▸ **Data for analysis**
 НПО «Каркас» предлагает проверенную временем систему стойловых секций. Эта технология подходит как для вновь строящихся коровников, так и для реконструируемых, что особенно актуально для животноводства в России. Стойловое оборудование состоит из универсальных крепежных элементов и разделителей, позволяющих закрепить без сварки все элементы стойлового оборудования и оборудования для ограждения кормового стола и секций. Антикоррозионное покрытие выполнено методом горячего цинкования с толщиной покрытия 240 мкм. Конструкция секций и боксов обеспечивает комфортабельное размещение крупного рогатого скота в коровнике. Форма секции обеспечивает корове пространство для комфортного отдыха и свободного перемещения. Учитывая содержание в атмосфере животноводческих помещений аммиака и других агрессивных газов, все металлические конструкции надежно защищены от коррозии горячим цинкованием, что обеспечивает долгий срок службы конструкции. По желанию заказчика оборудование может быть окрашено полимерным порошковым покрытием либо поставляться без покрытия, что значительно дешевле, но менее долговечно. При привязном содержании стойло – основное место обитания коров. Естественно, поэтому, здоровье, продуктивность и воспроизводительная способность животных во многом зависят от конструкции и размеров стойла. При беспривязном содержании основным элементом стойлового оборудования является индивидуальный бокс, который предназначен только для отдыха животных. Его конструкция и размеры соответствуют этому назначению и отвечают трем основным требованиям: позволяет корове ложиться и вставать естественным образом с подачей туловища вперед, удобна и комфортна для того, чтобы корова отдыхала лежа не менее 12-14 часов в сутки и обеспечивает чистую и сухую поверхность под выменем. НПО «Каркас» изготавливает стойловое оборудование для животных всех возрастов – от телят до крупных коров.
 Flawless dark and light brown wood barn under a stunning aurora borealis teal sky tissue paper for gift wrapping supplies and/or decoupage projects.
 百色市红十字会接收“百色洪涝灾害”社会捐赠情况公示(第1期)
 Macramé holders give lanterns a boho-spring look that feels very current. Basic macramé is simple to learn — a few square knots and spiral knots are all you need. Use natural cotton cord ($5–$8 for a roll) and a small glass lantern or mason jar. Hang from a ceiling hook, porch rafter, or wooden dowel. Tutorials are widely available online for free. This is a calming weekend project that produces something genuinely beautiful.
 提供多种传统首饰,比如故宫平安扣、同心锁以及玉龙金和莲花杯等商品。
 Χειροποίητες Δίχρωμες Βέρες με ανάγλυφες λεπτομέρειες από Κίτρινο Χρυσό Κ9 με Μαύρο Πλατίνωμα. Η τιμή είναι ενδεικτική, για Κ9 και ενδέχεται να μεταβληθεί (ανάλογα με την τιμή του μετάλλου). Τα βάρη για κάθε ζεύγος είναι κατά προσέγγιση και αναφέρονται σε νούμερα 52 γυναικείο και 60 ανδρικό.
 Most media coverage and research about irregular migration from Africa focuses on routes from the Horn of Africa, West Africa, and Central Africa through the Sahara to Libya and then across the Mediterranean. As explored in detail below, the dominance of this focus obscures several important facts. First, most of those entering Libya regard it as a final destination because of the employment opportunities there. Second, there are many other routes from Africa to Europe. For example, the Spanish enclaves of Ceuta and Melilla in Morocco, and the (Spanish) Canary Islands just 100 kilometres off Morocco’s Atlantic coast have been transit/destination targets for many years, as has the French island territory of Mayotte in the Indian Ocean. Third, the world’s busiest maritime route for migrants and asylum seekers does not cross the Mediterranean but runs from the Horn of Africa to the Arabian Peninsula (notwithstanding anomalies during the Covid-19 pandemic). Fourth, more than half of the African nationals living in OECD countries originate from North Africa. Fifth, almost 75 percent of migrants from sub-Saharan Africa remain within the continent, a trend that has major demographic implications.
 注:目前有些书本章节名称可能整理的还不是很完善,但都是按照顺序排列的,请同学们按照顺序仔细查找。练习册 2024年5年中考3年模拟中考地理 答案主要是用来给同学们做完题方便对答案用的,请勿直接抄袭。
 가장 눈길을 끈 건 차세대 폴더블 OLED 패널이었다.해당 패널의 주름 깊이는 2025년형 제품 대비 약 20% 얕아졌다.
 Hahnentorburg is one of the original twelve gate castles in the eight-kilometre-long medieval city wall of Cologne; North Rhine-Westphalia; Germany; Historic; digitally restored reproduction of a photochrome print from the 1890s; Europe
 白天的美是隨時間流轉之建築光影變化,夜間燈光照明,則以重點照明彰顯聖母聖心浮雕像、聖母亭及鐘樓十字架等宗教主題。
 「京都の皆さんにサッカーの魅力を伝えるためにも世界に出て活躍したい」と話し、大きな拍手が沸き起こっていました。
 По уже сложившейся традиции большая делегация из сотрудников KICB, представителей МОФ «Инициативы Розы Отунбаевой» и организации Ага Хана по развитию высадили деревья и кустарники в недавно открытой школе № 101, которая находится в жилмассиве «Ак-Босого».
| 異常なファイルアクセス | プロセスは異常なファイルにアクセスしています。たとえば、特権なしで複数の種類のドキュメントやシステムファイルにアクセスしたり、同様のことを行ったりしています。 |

...

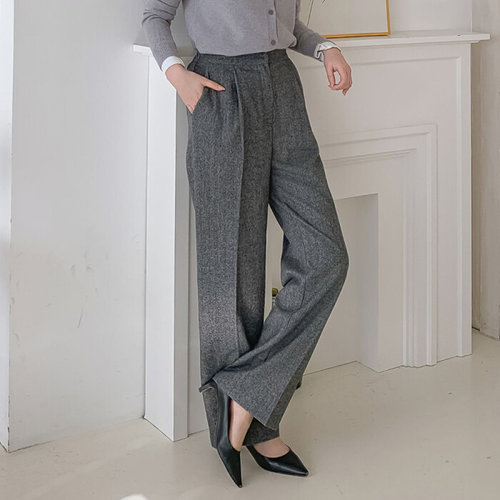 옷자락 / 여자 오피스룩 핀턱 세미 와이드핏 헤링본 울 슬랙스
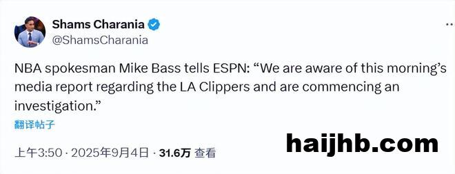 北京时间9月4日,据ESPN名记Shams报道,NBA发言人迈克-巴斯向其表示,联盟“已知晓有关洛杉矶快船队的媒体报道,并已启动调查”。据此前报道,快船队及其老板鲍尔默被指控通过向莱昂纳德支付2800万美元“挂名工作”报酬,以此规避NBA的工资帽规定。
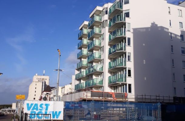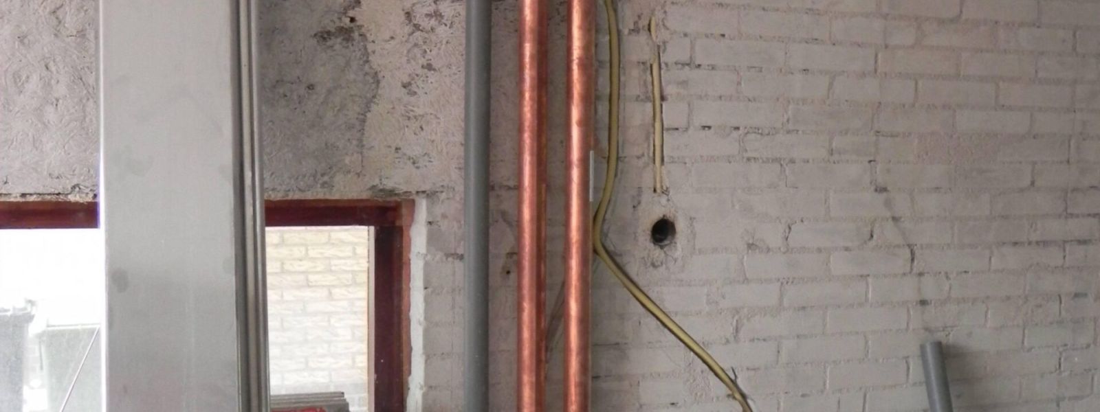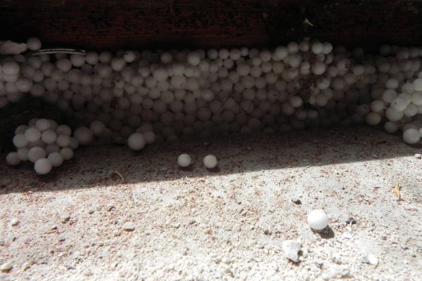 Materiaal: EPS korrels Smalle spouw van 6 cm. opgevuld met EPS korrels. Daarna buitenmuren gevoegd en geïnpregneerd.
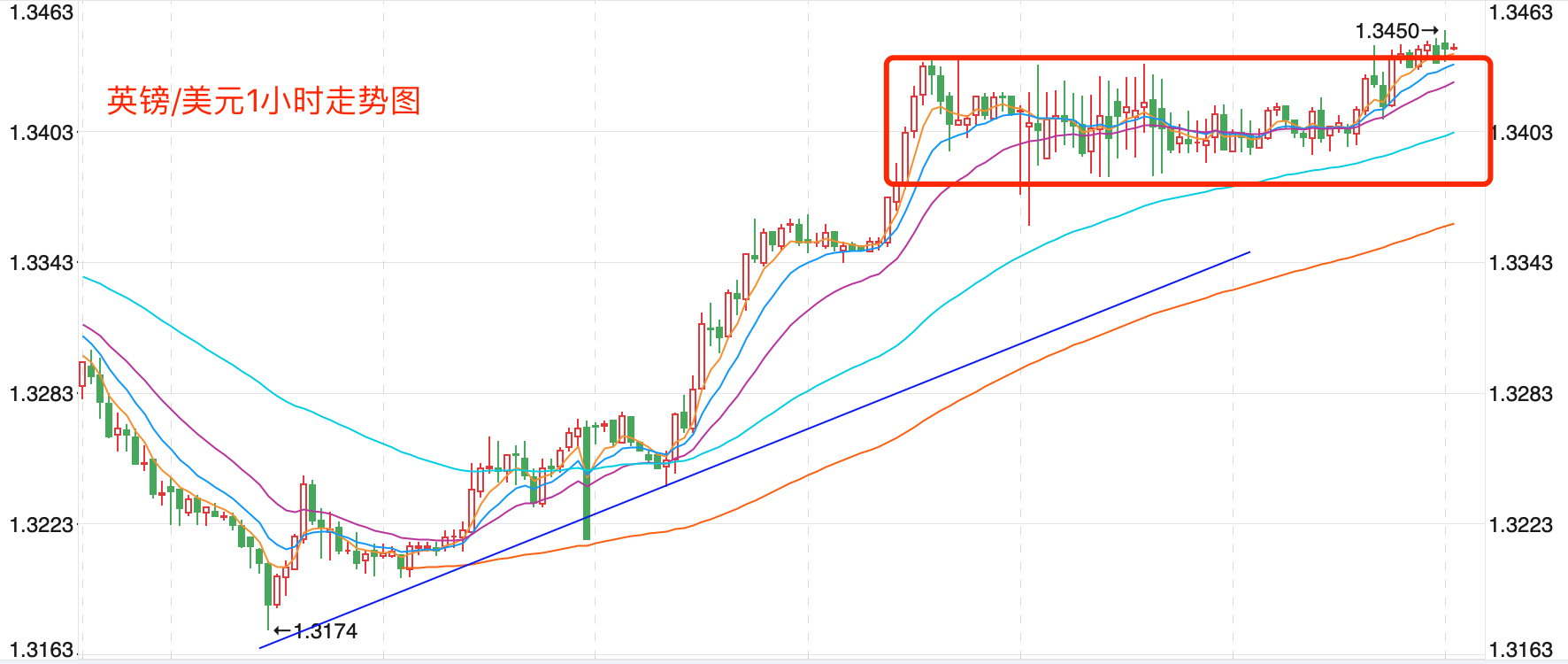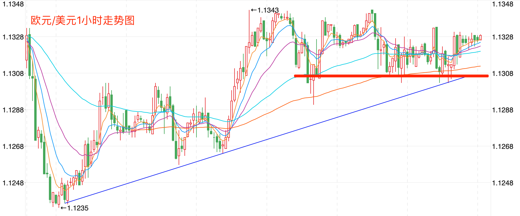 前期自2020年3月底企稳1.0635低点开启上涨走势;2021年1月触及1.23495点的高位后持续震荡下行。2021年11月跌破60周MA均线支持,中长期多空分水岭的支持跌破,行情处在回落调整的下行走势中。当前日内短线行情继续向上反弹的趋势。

--

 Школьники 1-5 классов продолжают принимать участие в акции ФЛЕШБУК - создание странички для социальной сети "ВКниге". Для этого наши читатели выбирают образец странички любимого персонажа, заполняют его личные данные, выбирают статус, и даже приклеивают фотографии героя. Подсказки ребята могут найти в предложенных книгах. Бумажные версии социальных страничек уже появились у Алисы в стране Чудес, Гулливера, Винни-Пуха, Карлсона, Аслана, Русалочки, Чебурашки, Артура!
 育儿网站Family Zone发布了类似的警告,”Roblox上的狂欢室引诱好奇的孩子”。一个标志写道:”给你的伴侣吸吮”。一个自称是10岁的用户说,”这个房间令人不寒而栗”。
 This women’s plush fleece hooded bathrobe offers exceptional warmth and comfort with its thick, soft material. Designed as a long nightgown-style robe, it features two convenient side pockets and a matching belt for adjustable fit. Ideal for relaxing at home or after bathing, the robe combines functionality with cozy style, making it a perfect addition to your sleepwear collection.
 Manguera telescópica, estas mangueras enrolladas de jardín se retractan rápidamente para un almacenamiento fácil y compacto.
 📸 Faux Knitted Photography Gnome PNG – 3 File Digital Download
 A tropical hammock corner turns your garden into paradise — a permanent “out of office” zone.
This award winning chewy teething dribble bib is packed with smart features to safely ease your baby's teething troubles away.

▸ **Prompt**
Only the count is wanted: report how many lines of the material above hold the word "Europe".

▸ **Response to the task**
2